Se così fosse, Enrico, dovremmo vedere quella granulosità anche su monete verdi o marroni, invece mi sembra di avere osservato che quell'aspetto è tipico delle monete patina tevere, nocciola/giallastre.

allego altra immagine tratta da internet.

La cosa mi interessa perché se questa granulosità fosse veramente tipica delle monete con patina tevere, sarebbe un buon metodo per distinguerle dalle monete spatinate (e spacciate per patina fluviale) o dai ben più temibili falsi ottocenteschi (e padovanini) che, non essendo mai stati nel terreno, assumono proprio quella colorazione nocciola.

Caius,

un conio arrugginito agisce sul tondello vergine; la successiva patina verde o marrone ricopre e maschera i difetti provocati nell'impatto; anche la granulosità eventualmente presente è meno accentuata.

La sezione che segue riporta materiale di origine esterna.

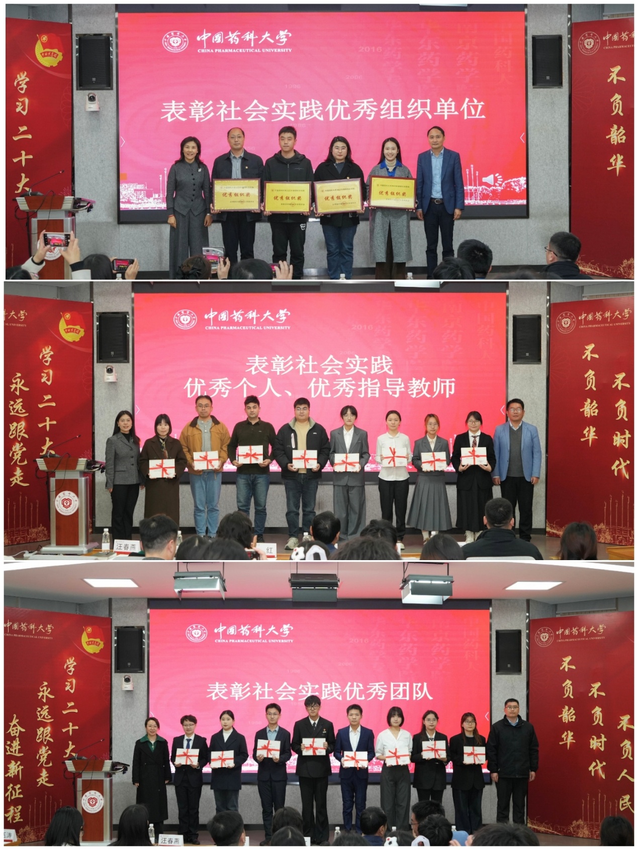 大会对在今年暑期社会实践活动中表现优秀的学生、指导教师、实践团队和组织单位进行了表彰。6支优秀社会实践团队围绕活动策划、推进实施、成果转化及育人成效等进行现场分享。药学院本科生唐思农、理学院辅导员张旭、国际医药商学院党委副书记赵瑾等分别从实践个人、指导教师和组织单位视角,分享参与、指导及组织社会实践的思考与体会。

L'azione abbrasiva dei silicati insolubili trasportati da acqua in movimento (del Tevere o in generale di un fiume) è uniforme nell'arco delle centinaia di anni e non può produrre la granulosità di cui parli. Anzi l'effetto e come quello di una lucidatura con carborundum (chi ha lavorato qualche specchio da telescopio con carburo di silicio ha ben presente l'effetto). Su almeno una delle due faccie della moneta (quella esposta al flusso dell'acqua), la superficie è estremamente liscia e gli spigoli non sono vivi.

Concordo quindi con Teodato su questo punto.

Un'altra caratteristica di un moneta proveniente da un ambiente fluviare profondo, con scarsi ricambi di ossigeno ed ambiente anaerobico, è la scarsa o nulla presenza di ossido di rame (per la faccia non esposta al flusso dell'acqua).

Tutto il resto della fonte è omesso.